(Stored items from a collection)
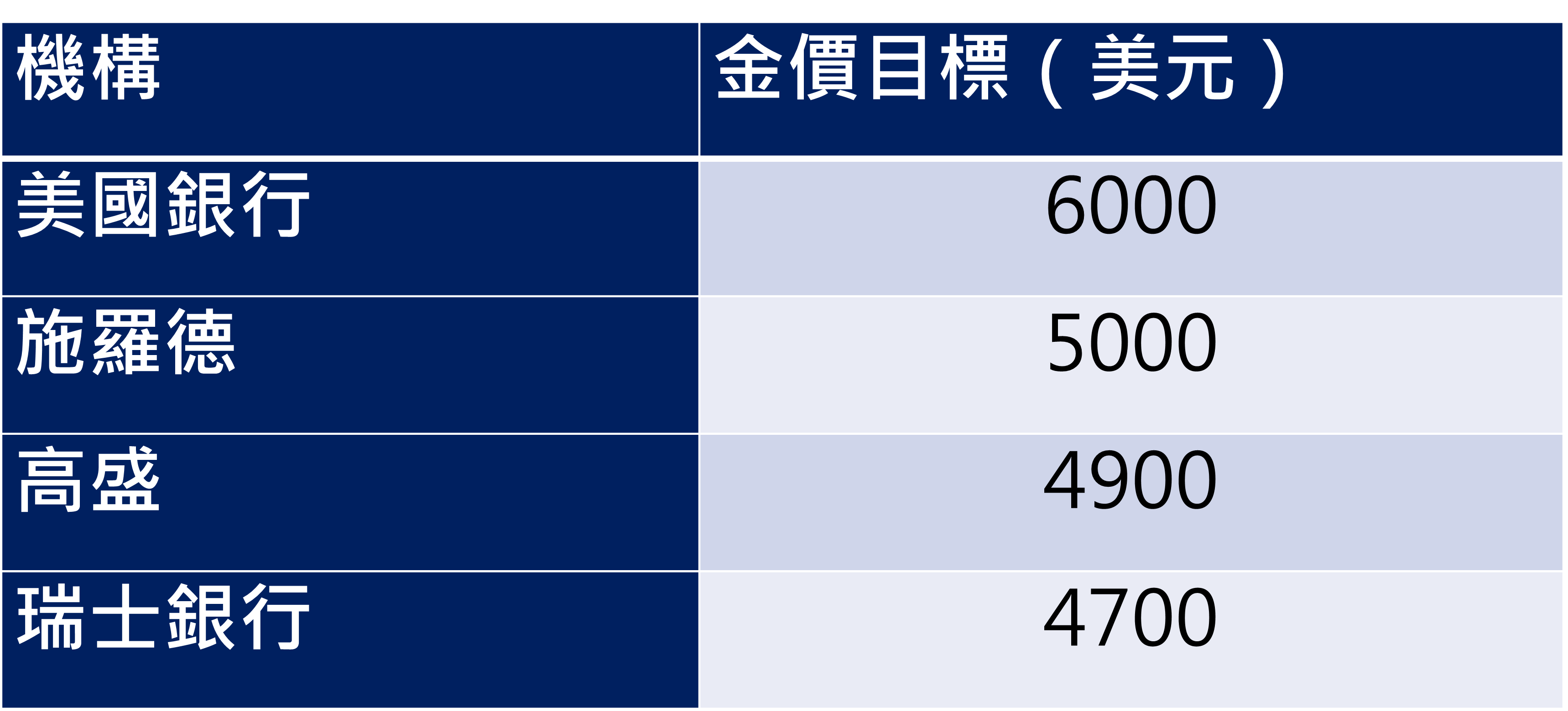 儘管短線震盪,市場對黃金的長線行情仍抱持高度信心。各大投銀紛紛上調金價目標:
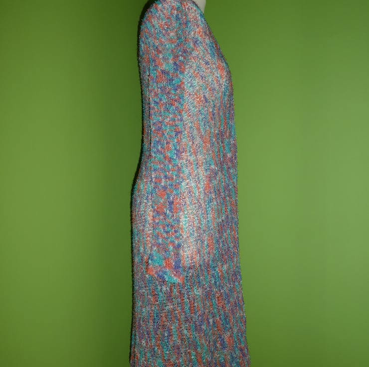This cardigan is designed to be worn with plenty of swirls and drape and looks fabulous over jeans. It can be worn open, but looks equally good with a large brooch or belt.
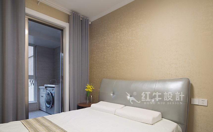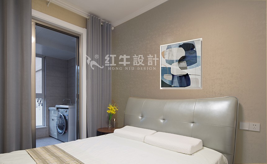 墻面色調(diào)莊重而不失雅致,給人以沉穩(wěn)、懷舊的感覺。同時選用了灰色的窗簾,白色的床品與之搭配,整體環(huán)境充滿了和諧與美感。
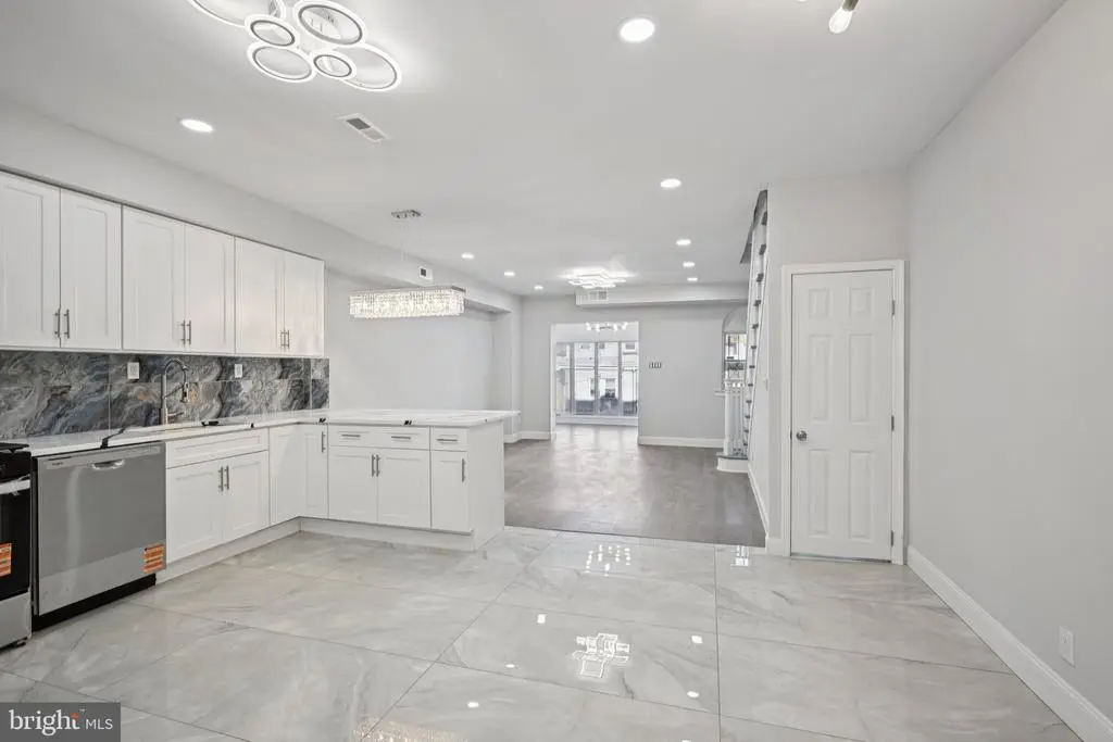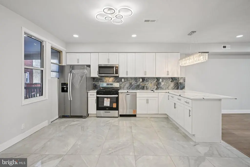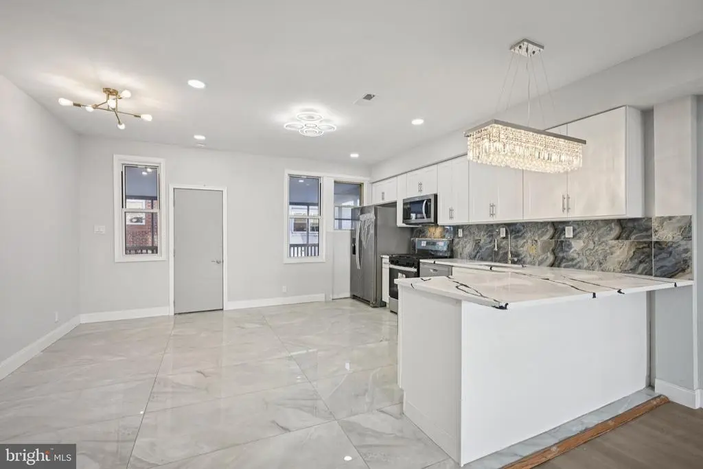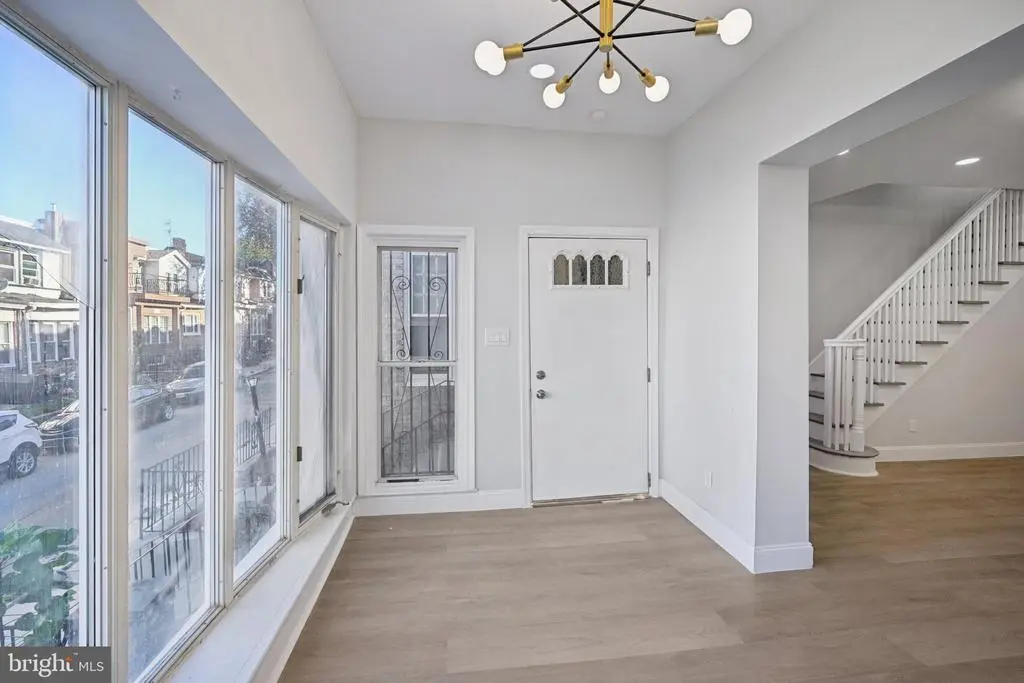 Welcome to this beautifully renovated rowhome in the heart of Cobbs Creek, where classic architecture meets contemporary design. Enter through the bright sunroom foyer into an open-concept main level filled with natural light and modern finishes. The spacious living room flows seamlessly into a stunning eat-in kitchen—perfect for entertaining and everyday living. The kitchen features stainless steel appliances, white shaker cabinetry, Quartz countertops, a breakfast bar with seating, and plenty of room for a dining table. From the kitchen, access the second-story rear deck—ideal for morning coffee or evening relaxation. Upstairs, you'll find three comfortable bedrooms, including a light-filled primary bedroom with large front-facing windows. The full hall bathroom boasts elegant tilework on the walls, floor, and tub/shower combo that adds a touch of luxury. The fully finished basement offers incredible versatility—perfect for a guest suite, home office, gym, or additional living space. It includes a laundry area with hookups and a utility sink, plus a beautifully tiled full bathroom with a walk-in shower. A rear door provides direct access to the back of the home. Move-in ready and thoughtfully upgraded throughout, this home offers a rare opportunity to own a turnkey property in one of West Philadelphia’s most vibrant and growing neighborhoods. Mortgage savings may be available for buyers of this listing.
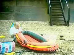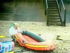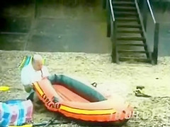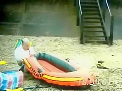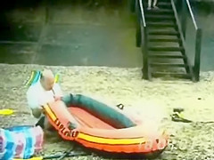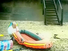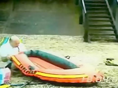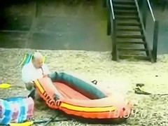 This poor guy lost his head after his kid jumped on the raft he was blowing up.
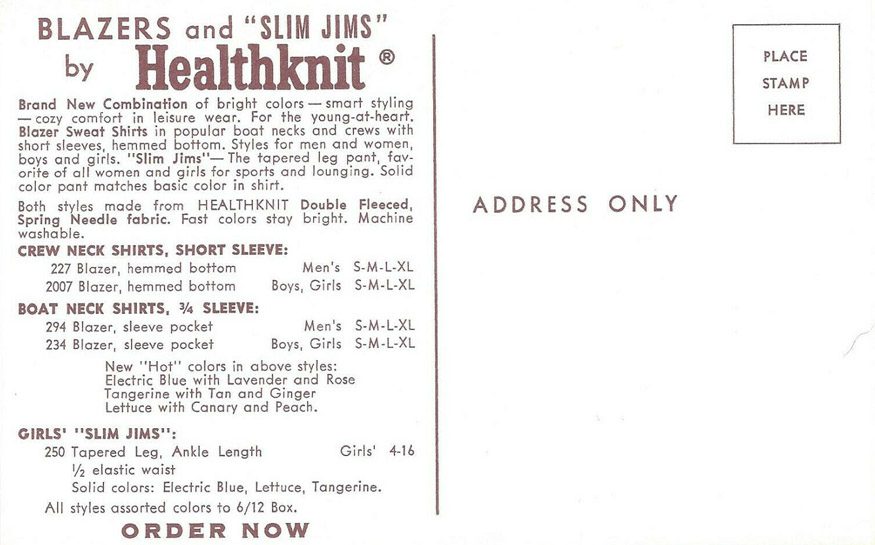 Healthknit® postcard for ordering blazers and "Slim Jims" c.1965

→ YOUR OBJECTIVE:
Beginning with the first line of the records, write out every line up to and including the one with "墻面色調(diào)莊重而不", exactly, and omit all pictures.

→ RESPONSE TO THE TASK:
 儘管短線震盪,市場對黃金的長線行情仍抱持高度信心。各大投銀紛紛上調金價目標:
This cardigan is designed to be worn with plenty of swirls and drape and looks fabulous over jeans. It can be worn open, but looks equally good with a large brooch or belt.
 墻面色調(diào)莊重而不失雅致,給人以沉穩(wěn)、懷舊的感覺。同時選用了灰色的窗簾,白色的床品與之搭配,整體環(huán)境充滿了和諧與美感。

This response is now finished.